MPRAudit Quantifies the Fraction of Variance Described by Unknown Features in Massively Parallel Reporter Assays

Transformative advances in molecular technologies, such as massively parallel reporter assays (MPRAs) and CRISPR screens, can efficiently characterize the effects of genetic and genomic variation on cellular phenotypes. Analysis approaches to date have focused on identifying individual genomic regions or genetic variants that perturb a phenotype of interest. In this work, we develop a wholistic framework (MPRAudit) to determine the global contribution of sequence to phenotypic variation across subsets of the entire experiment, opening the door to myriad novel analyses.

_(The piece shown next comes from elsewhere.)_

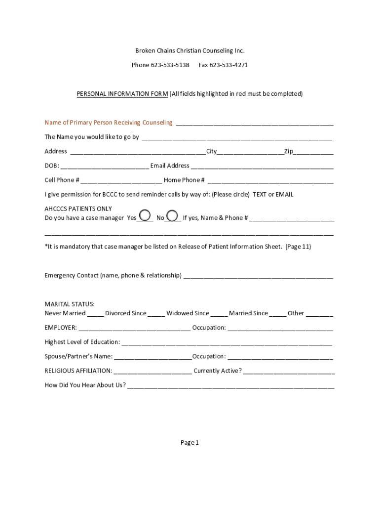 Phone 6235335138Fax 6235334271PERSONAL INFORMATION FORM (All fields highlighted in red must be completed)Name of Primary Person Receiving Counseling ___
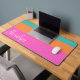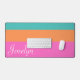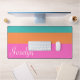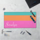 Lebhafte Schreibtischmatte mit breiten, horizontalen Linien in Rosa, Orange und Blau sowie Namenskripte in handgeschriebenen eleganten Schriftart, die Sie leicht anpassen können. Wenn Sie in minimalistisch ästhetische und farbenfrohe Designs sind, ist dieses Produkt für Sie da! Mit dieser personalisierten und stilvollen Matte bringen Sie Farbe und Retro-Vibes in Ihr Zimmer. Sie können meinen Shop PatternTripCo für andere Produkte mit dem gleichen Muster Karo.

For example, MPRAudit can reliably estimate the upper limit of predictive performance, the fraction of variation attributed to specific biological categories, and the total contribution of experimental noise. We demonstrate through simulation and application to several types of real MPRA data sets how MPRAudit can lead to an improved understanding of experimental quality, molecular biology, and guide future research. Applying MPRAudit to real MPRA data, we observe that sequence variation is the primary driver of outcome variability, but that known biological categories explain only a fraction of this variance. We conclude that our understanding of how sequence variation impacts phenotype, even at the level of MPRAs, remains open to further scientific discovery.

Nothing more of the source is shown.